Gerenciar chaves do consumidor com o Azure Key Vault
Nesta página
Observação
Este recurso não está disponível para nenhuma das seguintes implantações:
Instâncias sem servidor
M0clustersM2/M5clustersClusters flexíveis
Para saber mais,consulte Limites.
Você pode usar uma chave gerenciada pelo cliente (CMK) do Azure Key Vault (AKV) para criptografar ainda mais seus dados em repouso no Atlas. Você também pode configurar todo o tráfego para o seu AKV para usar o Azure Private Link.
O Atlas usa sua CMK do Azure Key Vault para criptografar e descriptografar suas chaves mestras do MongoDB . Essas chaves mestras do MongoDB são usadas para criptografar arquivos de banco de dados de dados de cluster e snapshots de provedores de nuvem. Para saber mais sobre como o Atlas usa CMKs para criptografia, consulte Sobre chaves gerenciadas pelo Azure Key Vault.
Quando você usa seu próprio provedor de nuvem KMS, o Atlas gira automaticamente as chaves mestras do MongoDB pelo menos a cada 90 dias. A rotação de suas chaves começará durante uma período de manutenção , se houver uma configurada. Adiar a manutenção (manual ou automaticamente) pode fazer com que a chave seja girada além da marca de 90dias.
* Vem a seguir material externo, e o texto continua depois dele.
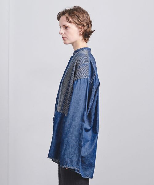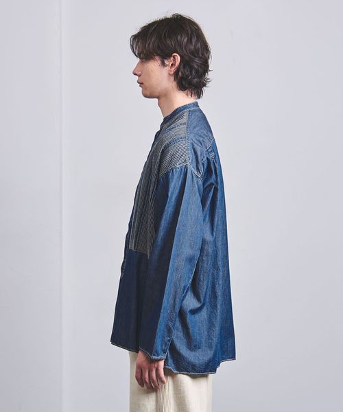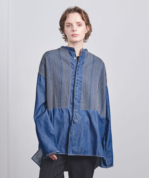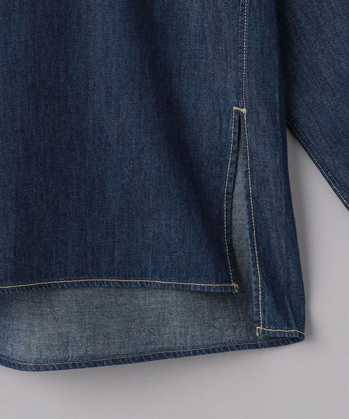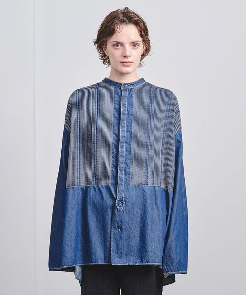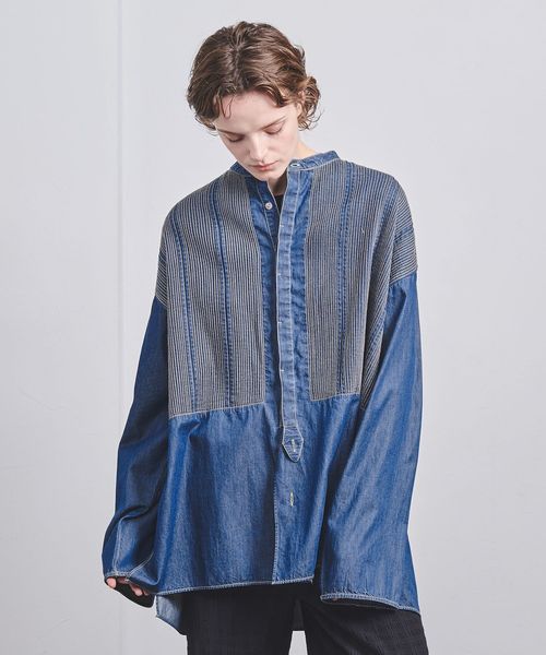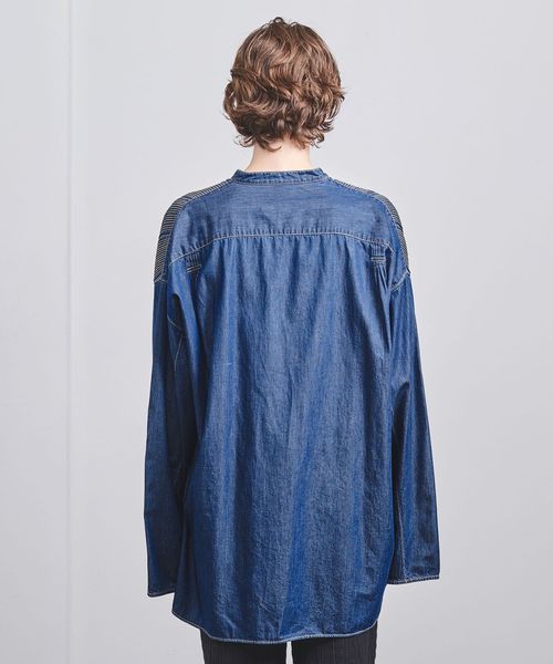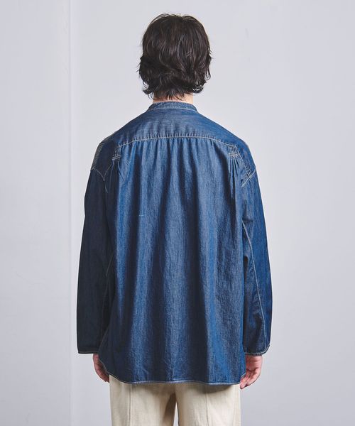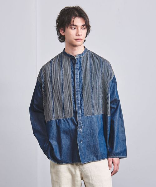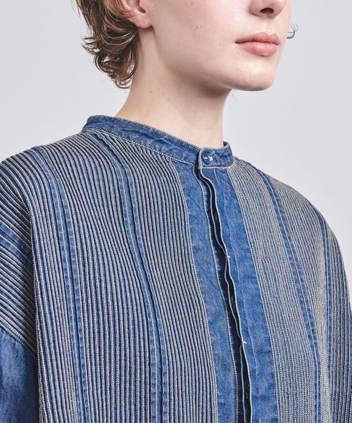 フロントに緻密なピンタックをあしらったデニムシャツ。
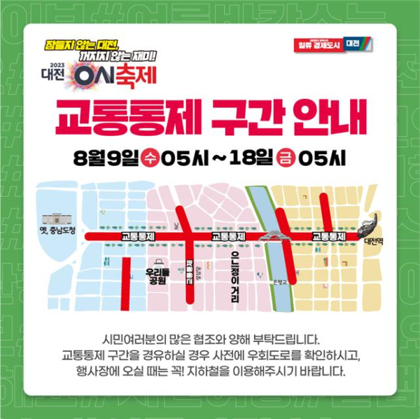 [충청뉴스 김용우 기자] 대전시는 11일 개막하는 ‘대전 0시 축제’ 행사 준비 관계로 9일 새벽 5시부터 대전역에서 옛 충남도청 구간 중앙로와 대종로 일부 구간의 차량을 전면 통제한다고 밝혔다.
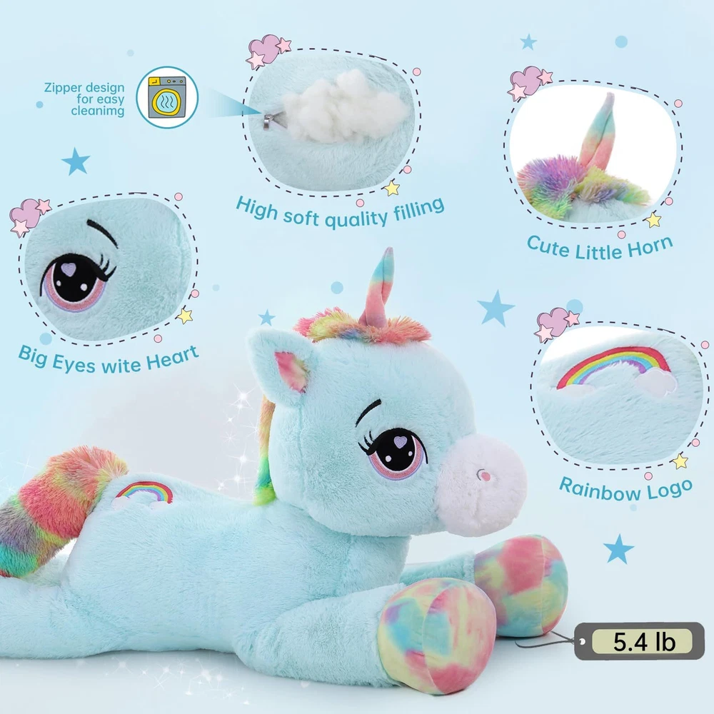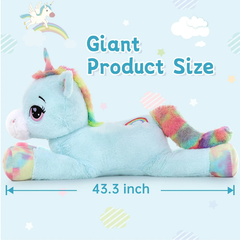 Welcome to , has been committed to creating the most comfortable, softest, and safest plush toy. Whether it's a or an adult, choose Tezituor, choose the best gift for your loved . Large unicorn's message: “Hello, nice to meet you and thank you bring me home. I don't know if I am your most special stuffed animal but you are special to me. I want you to treat me not only as a gift so many on special occasions such as birthdays, Valentine’s Day, Christmas or just as an unexpected gift for cheering a loved , but also to be your loyal friends, whether you are sad or happy, I can accompany you. I love you." Big unicorn identity registration: Type: Plush blue unicorn from the Tezituor family. Color: Blue Size: 43inch Material: Smooth plush fabric, PP cotton. Safety is our top concern Lock-washer eyes are beads that are secured by a facet from the inside, so the eyes cannot be chewed or picked off easily from young children, which ensures safety and durability. It is safe enough as there are no small parts to detach. More functions! This adorable stuffed animal is the best choice for decorating your house or playroom. And is a great gift for any occasion, such as Thanksgiving Day, Valentine's Day, Christmas, Birthday, or any anniversaries. Our large stuffed unicorn is always ready for naptime, playtime, and any time in between. Large Size Unicorn: Our blue unicorn stuffed animal has a total length of 43.3 inches. The interior of the unicorn plush pillow is filled with 5.4 pounds of cotton, and its heavy weight meets the expectations of a hug, giving you the warmest hug. Soft Friendly Material: Our cute stuffed unicorn plush toy with super soft fabric is made of plush and PP cotton, the material is very soft. The belly of the unicorn plush pillow comes with a zipper for easy cleaning. Perfect Gift for Unicorn Lovers: The giant unicorn plush pillow is a great gift idea for children's birthdays, Valentine's Day, Christmas, Thanksgiving, Easter. It can also be used to decorate your party, house, sofa.You can also put her in bedroom or playroom as unicorn theme decoration. Home Decoration: The cute giant unicorn stuffed animals not only a toy for children but also a very good pillow. When you are resting, sleeping, watching TV, quietly accompany you, very comfortable. It can be placed on the sofa, bed, children's room and so on. Good Service: Compressed packaging. When it is first opened, there may be a lack of filling at the joints, product wizened, and messy fur. Simply tap and adjust the position of the filling, and let it bask in the sun for a while to quickly restore its cute shape. If you have any other questions, feel free to us at any time.

As chaves são giradas de forma contínua e o processo não exige que os dados sejam reescritos.
Importante
O Azure limita a vida útil do segredo do cliente para CMKs a dois anos. O Atlas não pode acessar uma CMK depois que o segredo do cliente expira. Portanto, gire os segredos do cliente antes da expiração para evitar a perda de disponibilidade do cluster.
Esta página abrange a configuração do gerenciamento de chave do cliente utilizando AKV no seu projeto Atlas . Você também pode usar a API de administração do Atlas para configurar automaticamente o Azure Private Link em seu AKV para garantir que todo o tráfego entre o Atlas e o AKV ocorra nas interfaces de rede privada do Azure .
Você deve configurar o gerenciamento de chave do cliente para o projeto Atlas antes de habilitá-lo em clusters neste projeto.
Sobre chaves gerenciadas pelo cliente com o Azure Key Vault
O gerenciamento de chaves do cliente no Atlas segue um processo chamado criptografia de envelope . Esse processo cria várias camadas de criptografia criptografando uma chave com outra chave. Para habilitar o gerenciamento de chaves do cliente, o Atlas usa as seguintes chaves de criptografia:
Customer-Managed Key (CMK)Chaves gerenciadas pelo cliente são chaves de criptografia que você cria, possui e gerencia no Azure Key Vault. Você cria a chave mestra do cliente no Azure Key Vault e a conecta ao Atlas no nível de projeto. Para saber mais sobre as chave mestra do clientes usadas no Azure Key Vault, consulte a Documentação do Azure.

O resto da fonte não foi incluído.